Некоторые физиологические подробности усугубляют психологическую характеристику героя. У Медеи болит нижняя часть затылка и стынут ноги, когда она ждет Ясона на свидание. Перед бегством из дома она стонет, хватается за шею, рвет волосы, у нее шумит в ушах. Умирающий Аспирт руками брызгает кровь на пеплос сестры, а Ясон, отсекая ему руку, дважды набирает в рот кровь убитого и выплевывает ее, чтобы избежать мести мертвеца.

Трогательные и обязательно со слезами на глазах изображаются прощальные сцены: например, мать и отец расстаются с Ясоном, Гипсипила и Медея плачут от жалости к себе. Медея даже целует свое ложе и косяки дверей, отрезая локон на память для своей матери, обливаясь слезами и даже беседуя с остающимся дома локоном.

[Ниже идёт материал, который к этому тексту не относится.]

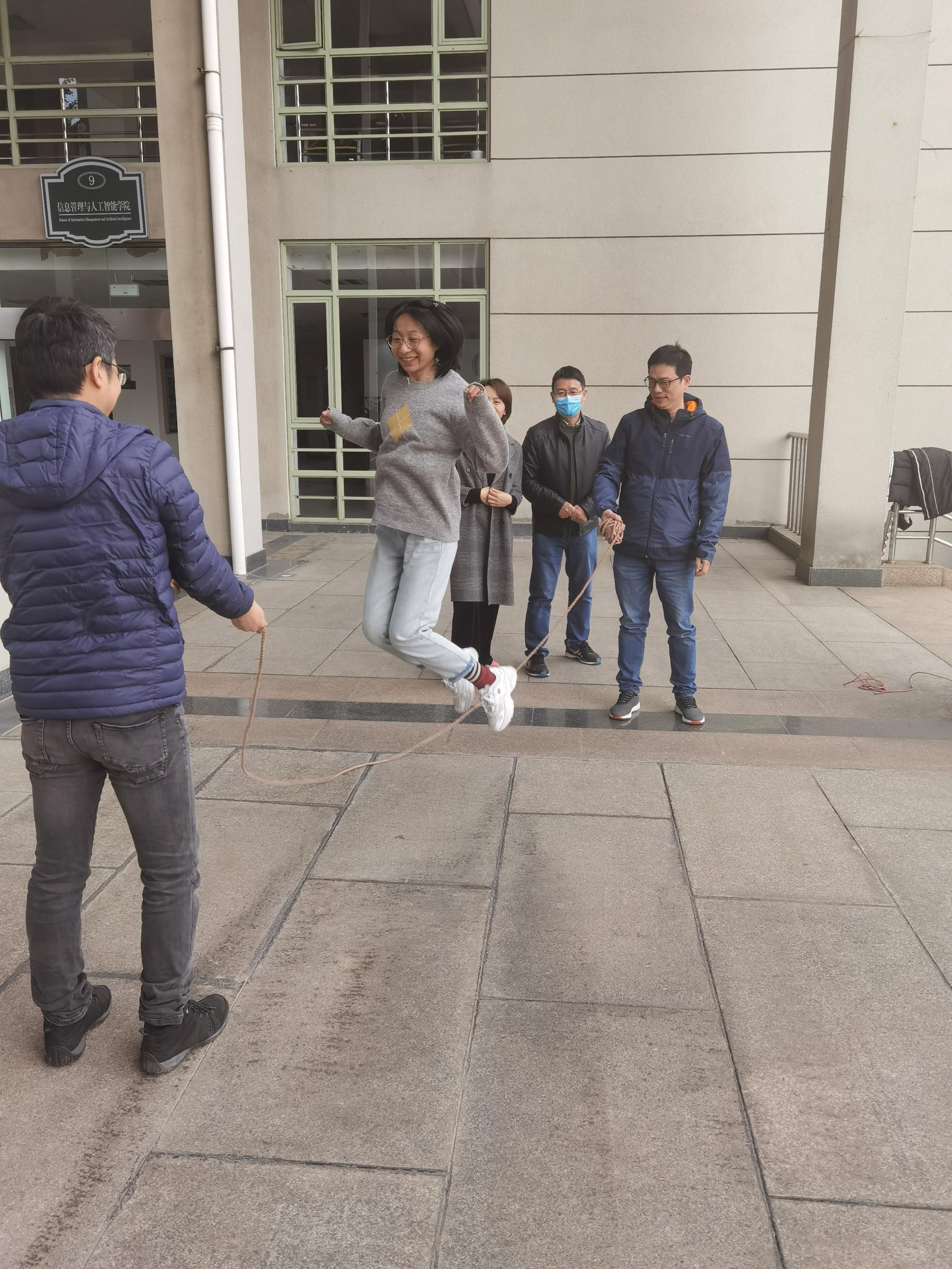H次元 分院分工会于11月10日举办教工全民“链”跳绳活动,各系部办积极发动,组织教师报名参赛,一场绳舞飞扬的“链”跳绳活动拉开帷幕,长绳连跳中各系部办教师展现了精彩的配合,个个身手矫健飞速穿插。人小跳表演中,老师们拾回了少年绝技,进行多化样表演,引得众声喝彩。此次“链”跳绳活动的开展,老师们锻炼了身体,弘扬了体育精神,营造了体育运动的氛围。绳舞飞扬,链接你我!

Тягостное расставание аргонавтов с родиной подчеркивается чувствительной картиной проводов, которые устраивают им нимфы и боги, причем среди этой любопытной толпы обитателей чащ и лесов стоит кентавр Хирон с малюткой Ахиллом на руках и показывает его отцу - Пелею, спутнику Ясона.

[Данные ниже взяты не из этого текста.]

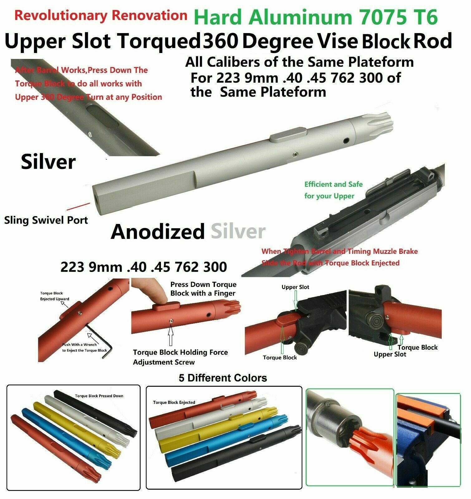 DB TAC Upper Slot Torque Block 360 Degree Vise Rod Wrench Armorer’s Tool .223/5.56 9mm .45 .40 300 7.62 6.5Grendel Plate form Silver Color

Совершенно нова и чужда древнему эпосу сцена первой встречи Ясона и Медеи (III, 948-972), проникнутая неведомым гомеровским героям внутренним томлением, каким-то трагическим единением душ, молчаливым, не нуждающимся в словах пониманием и осознанием будущих катастроф.

Стиль и жанр.

Поэма Аполлония, на первый взгляд очень неровная сюжетно и композиционно, тем не менее наделена определенными ведущими стилевыми чертами. Если I песнь характеризуется дробностью и распыленностью старых мифологических мотивов и новых бытовых деталей, совмещая это с устойчивостью традиционного эпического языка, то II песнь, при господстве старой мифологии и эпической поэтики, уже лишена такой дробности. Отдельные мотивы можно при анализе поэмы сгруппировать в 12 крупных эпизодов (вместо 29 в I песни), которые дополняются учеными экскурсами автора и намеками на психологическую обрисовку героя. В III песни старая мифология отступает на второй план (9 эпизодов наряду с 23 жизненно реалистичными картинами). В этой песни сконцентрировано все мастерство Аполлония-психолога, ваятеля неповторимой индивидуальности Медеи и Ясона. Более того, эта песнь - наиболее выразительный пример поэзии и эстетики эллинизма, для которых характерно совмещение разных стилей с их пестротой (греч. poicilia), все еще не выделившихся и не оформившихся в самостоятельные жанры. Здесь наряду с изображением древних ужасов магии и колдовства есть очаровательно-изящные боги типичного бурлеска, чувствительно-идиллические сцены, безоглядная влюбленность героев будущих любовных романов, иронически-добродушные пассажи (умная ворона, мешающий влюбленным прорицатель Мопс) и продуманная рационалистическая риторика.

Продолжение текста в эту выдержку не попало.